Cellular Goods has issued a long-awaited update to investors regarding its recent acquisition of carbon sequestration company King Tide Carbon (KTC).
On May 09, the CBD cosmetics company brand announced that it had closed the acquisition of KTC, satisfied by the issue of 95,000,000 new ordinary shares of £0.001 each in the company.
The unlikely acquisition left investors with a number of questions regarding the future direction of the company, and whether it signalled plans to further move away from its troubled CBD cosmetics range, which has struggled to gain sales traction since launch.
Investors had been assured of an update during the ‘second half of June’, but this came in the form of an interview with Proactive Investors and Cellular Goods ‘interim CEO’ Darcy Taylor.
According to Mr Taylor, the acquisition was part of the company’s ambition to ‘widen our lens of opportunity across the bio synthetics production fields’, announced during its recent interim results, allowing the company to ‘deepen its sustainability vision’.
He argued that despite the firm still being pre-revenue, the ‘unprecedented demand for innovation’ in carbon removal presented an opportunity for the company to leverage its ‘bio synthetics experience’.
“Although KTC is a pre-revenue, early-stage carbon removal startup, it’s now we’re entering that second phase of development prior to commercialisation. We anticipate that we’ll finalise multiple carbon removal projects in the next 12 months.”
Finally, Mr Taylor was asked about his position as interim CEO, given that he had now held the position for around a year.
He said that there was ‘no definitive deadline’ for his tenure, but that the company was keeping a ‘close eye’ out for potential candidates.
With the company having reported sales of just £31k in its recent interim results, pressure is growing on Mr Taylor, who remains the CEO of Pioneer Media Holdings, to generate revenues before Cellular Goods’ £2.98m in remaining cash runway is used up.
Little Green Pharma
Australian Stock Exchange (ASX) listed Little Green Pharma (LGP), which is also part of London Stock Exchange (LSE) listed SEED Innovations’ investment portfolio, saw its stock jump nearly 20% this week.
The stock bump came as LGP, which already supplies medical cannabis oil to the French pilot programme, announced that it had won a second call for tenders.
LGP will now supply up to US$1.6m (US$77 per bottle) of its CBD50 medical cannabis oil to the French pilot programme, which is due to end in March 2024.
According to the company, LGP remains the largest supplier of the experiment, seeing an estimated 85% of its 3,000 participants trial its products.
Newsweed reported in March that LGP, which has been supplying the trial since its inception three years ago, had initially refused to apply for the first call for tenders after the experiment was extended, seeing the French Ministry of Health offer to pay just €14 ($15.45) per bottle.
The poor response from companies to this initial tender call led to a number of supply shortages for patients, leading the government to issue this second call for tenders.
“The Company remains very buoyant about the potential of a future French medicinal cannabis industry and believes its success in the trial continues to confirm the advantages of developing a robust, export-led sales strategy from its assets in Australia and Denmark.”

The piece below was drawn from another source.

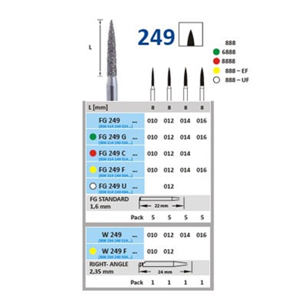 Horico Diamond Bur - 249-014 - Flame Pointed - Slow Speed, Right Angle (RA), 1-Pack
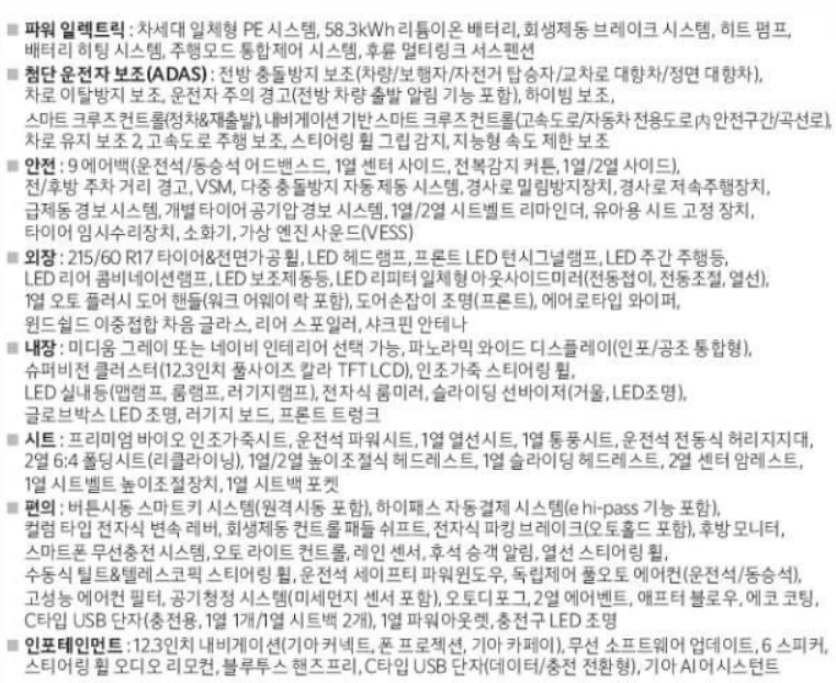 에어스탠다드 + 컨비지언스(V2L) + 드라이브 와이즈(안전)가 좋아보입니다.

MGC Pharmaceuticals also saw an uptick in its stock price this week after receiving a second purchase order for its proprietary ArtemiC product.
On July 07, MGC announced that AMC Pharma had placed a second$1m purchase order for 100,000 units of ArtemiC.
This will consist of a $150,000 immediate down payment, with the remaining $850,000 set to be provided upon completion of production and dispatch of the order, which is expected to be completed by September 2023.
MGC and AMC’s new deal forms the latest extension of a long running partnership between the two companies, which signed a $24m multi-year ‘market supply and distribution’ agreement in August 2021.
CEO and Managing Director of MGC Pharmaceuticals Roby Zomer said: “This order from AMC validates ArtemiC for the US market and demonstrates our ability to supply an FDA-authorised product in a world-leading market. This order, combined with AMC’s new supply agreement to distribute across the US, gives us confidence for the future growth of MGC.”